Schipper dan Vincent (2003) mengelompokkan konstruk kualitas laba dan
pengukurannya berdasarkan cara menentukan kualitas laba. Yaitu berdasarkan
sifat runtun-waktu laba, kualitas laba meliputi: persistensi, prediktabilitas
(kemampuan prediksi), dan variabilitas, serta berdasarkan kualitas.
2.1.5 Karakteristik Kualitas Laba
Laba bersih (net earnings) adalah merupakan titik awal dalam melakukan
penilaian terhadap kualitas laba. Tujuan analisis yang berbeda, akan menyebabkan
7
pertimbangan-pertimbangan yang berbeda mengenai karakteristik dari suatu laba.

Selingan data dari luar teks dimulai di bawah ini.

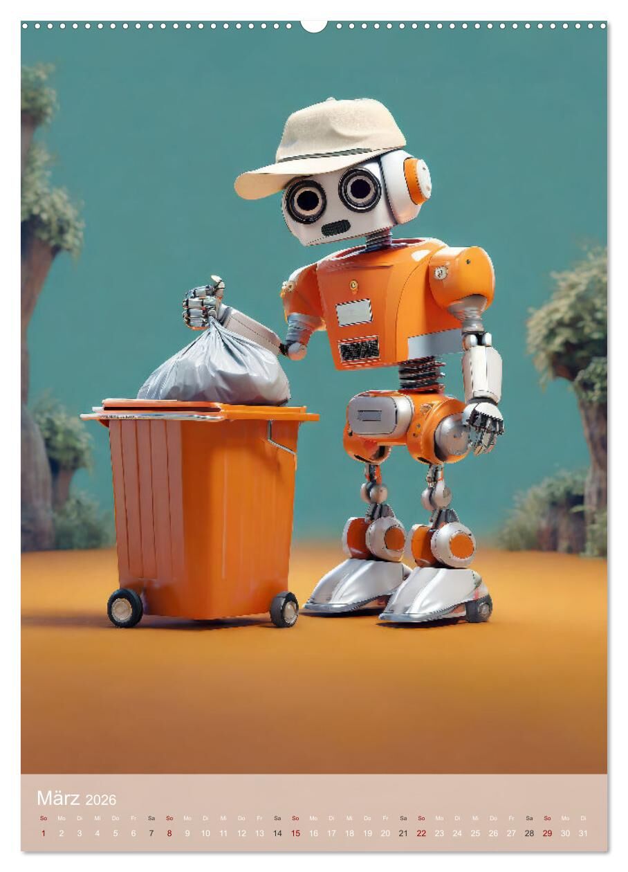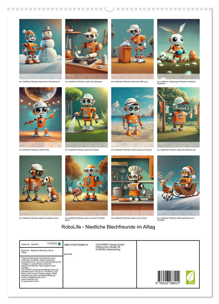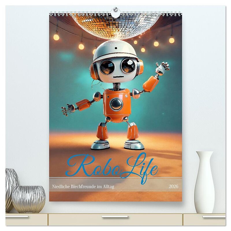 RoboLife - Niedliche Blechfreunde im Alltag (hochwertiger Premium Wandkalender 2026 DIN A2 hoch), Kunstdruck in Hochglanz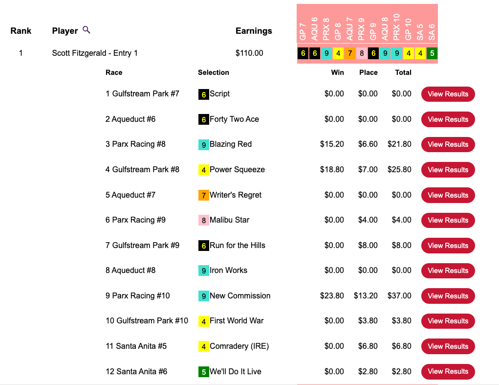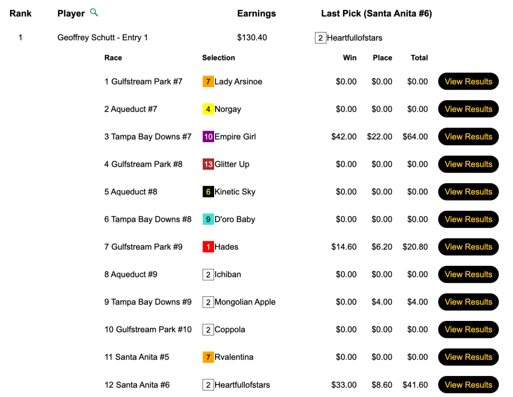 Gaffney’s slightly lower score of $123.30 here still prevailed by plenty. George Turner (2 firsts, 1 second) got the other NHC seat, and it was a wild ride on his way to that runner-up spot. He did all of his scoring in the final five races, including having Main Event ($25.00, $11.80) in the final contest race, the 11th at Gulfstream. That last winner got Turner up into second place by just 10 cents over a hard-luck Dave Cichy.

Kualitas laba mengacu pada kemampuan laba yang dilaporkan untuk
mencerminkan kebenaran laba perusahaan, serta kegunaan laba yang dilaporkan
untuk memprediksi laba masa depan (Bellovary. dkk , 2005). Kualitas laba
merupakan informasi penting yang dapat digunakan oleh publik dan dapat
digunakan oleh investor untuk menilai perusahaan.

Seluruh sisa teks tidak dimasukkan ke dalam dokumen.